◆ **Task directions**
Give the entries again exactly. Skip the pictures.

◆ **Supplied information**
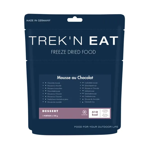 La mousse au chocolat de Trek’n Eat est un dessert onctueux et gourmand, idéal pour conclure un repas outdoor sur une note sucrée. Facile à préparer, il suffit d’ajouter 100 ml d’eau pour obtenir une mousse légère, au goût intense de chocolat, qui ravira tous les amateurs.
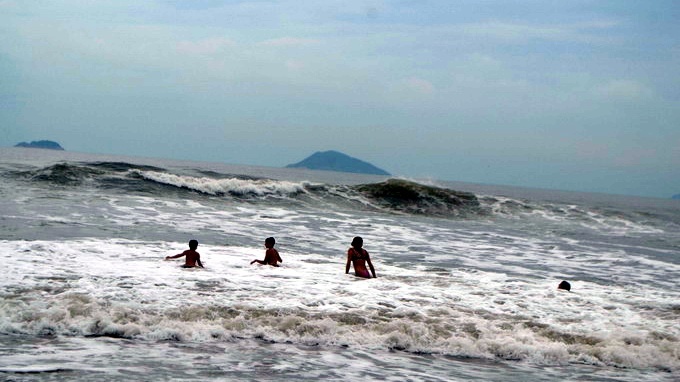 | Tại biển Cửa Đại (phường Cửa Đại, TP Hội An), nhiều khách du lịch và người dân, trong đó có nhiều trẻ em vẫn bất chấp những đợt sóng nguy hiểm ra biển tắm. |
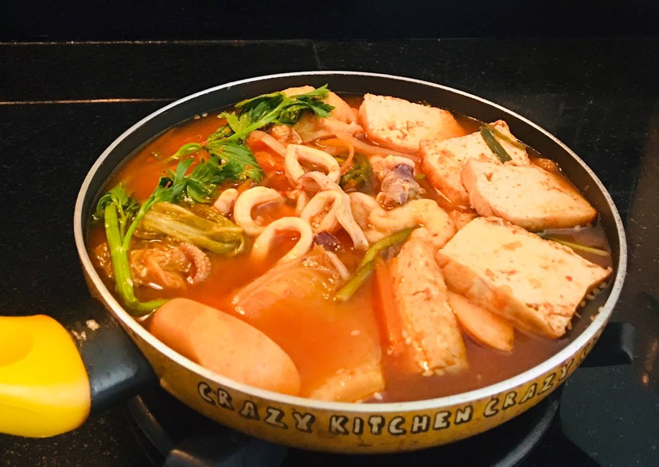 - Didihkan air dan masukan gochujang,lalu masukan tahu,sawi,kimci dan sosis,tambahkan kaldu bubuk dan kecap ikan
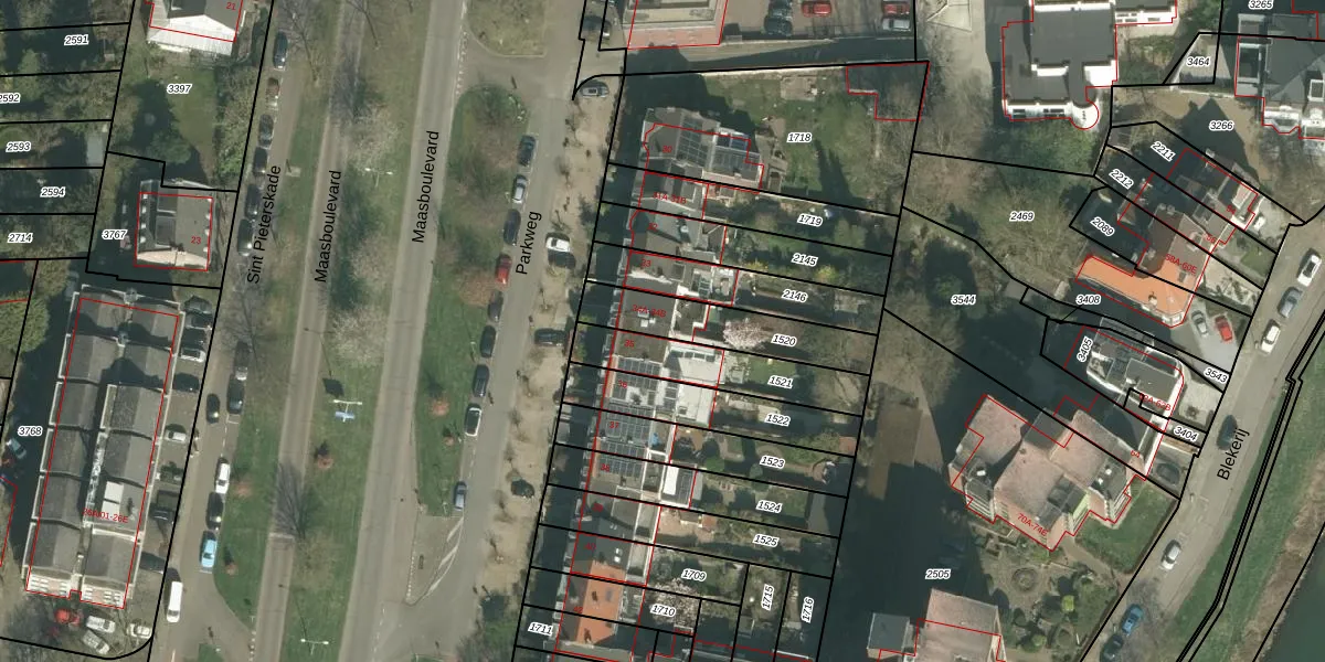 Parkweg 34-B is gelegen op kadastraal perceel MTT00E1520. Deze kadastrale aanduiding is uniek en wordt gebruikt door het Kadaster om eigendomsrechten en andere zakelijke rechten vast te leggen. Het perceel maakt onderdeel uit van de kadastrale gemeente Maastricht.
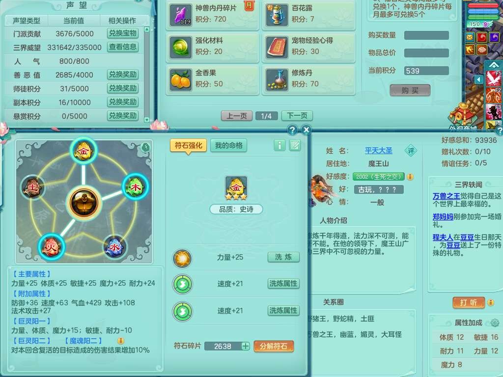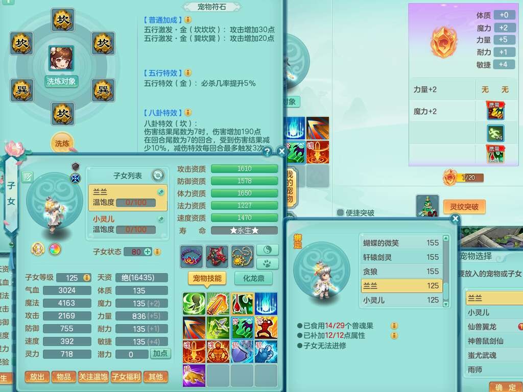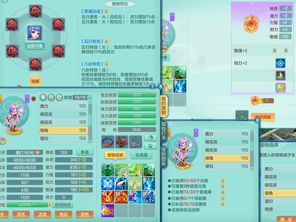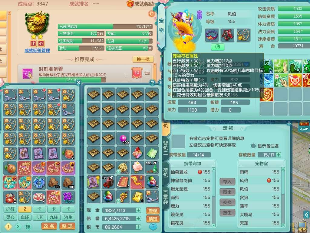 K22435任剑逍遥159男万兽,精灵歌,1龙没内,1内胆神,1只觉醒,2只六技能镜花灵,1只六技能龙姬,923狂暴单加55武器,崩山单加51衣服,愤怒单加56腰带,4.5基础鼎,综合6只满果子,仓库31神兽内胆碎片,山海烛龙坐骑。
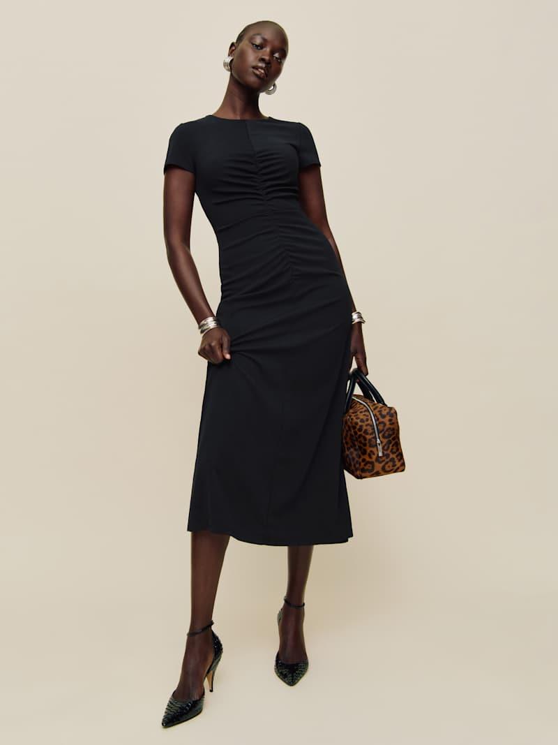 Wear the dress. Shop the Mila Knit Dress from Reformation, a short-sleeved midi dress with ruching throughout.

◆ **Written response**
 La mousse au chocolat de Trek’n Eat est un dessert onctueux et gourmand, idéal pour conclure un repas outdoor sur une note sucrée. Facile à préparer, il suffit d’ajouter 100 ml d’eau pour obtenir une mousse légère, au goût intense de chocolat, qui ravira tous les amateurs.
 | Tại biển Cửa Đại (phường Cửa Đại, TP Hội An), nhiều khách du lịch và người dân, trong đó có nhiều trẻ em vẫn bất chấp những đợt sóng nguy hiểm ra biển tắm. |
 - Didihkan air dan masukan gochujang,lalu masukan tahu,sawi,kimci dan sosis,tambahkan kaldu bubuk dan kecap ikan
 Parkweg 34-B is gelegen op kadastraal perceel MTT00E1520. Deze kadastrale aanduiding is uniek en wordt gebruikt door het Kadaster om eigendomsrechten en andere zakelijke rechten vast te leggen. Het perceel maakt onderdeel uit van de kadastrale gemeente Maastricht.
 K22435任剑逍遥159男万兽,精灵歌,1龙没内,1内胆神,1只觉醒,2只六技能镜花灵,1只六技能龙姬,923狂暴单加55武器,崩山单加51衣服,愤怒单加56腰带,4.5基础鼎,综合6只满果子,仓库31神兽内胆碎片,山海烛龙坐骑。
 Wear the dress. Shop the Mila Knit Dress from Reformation, a short-sleeved midi dress with ruching throughout.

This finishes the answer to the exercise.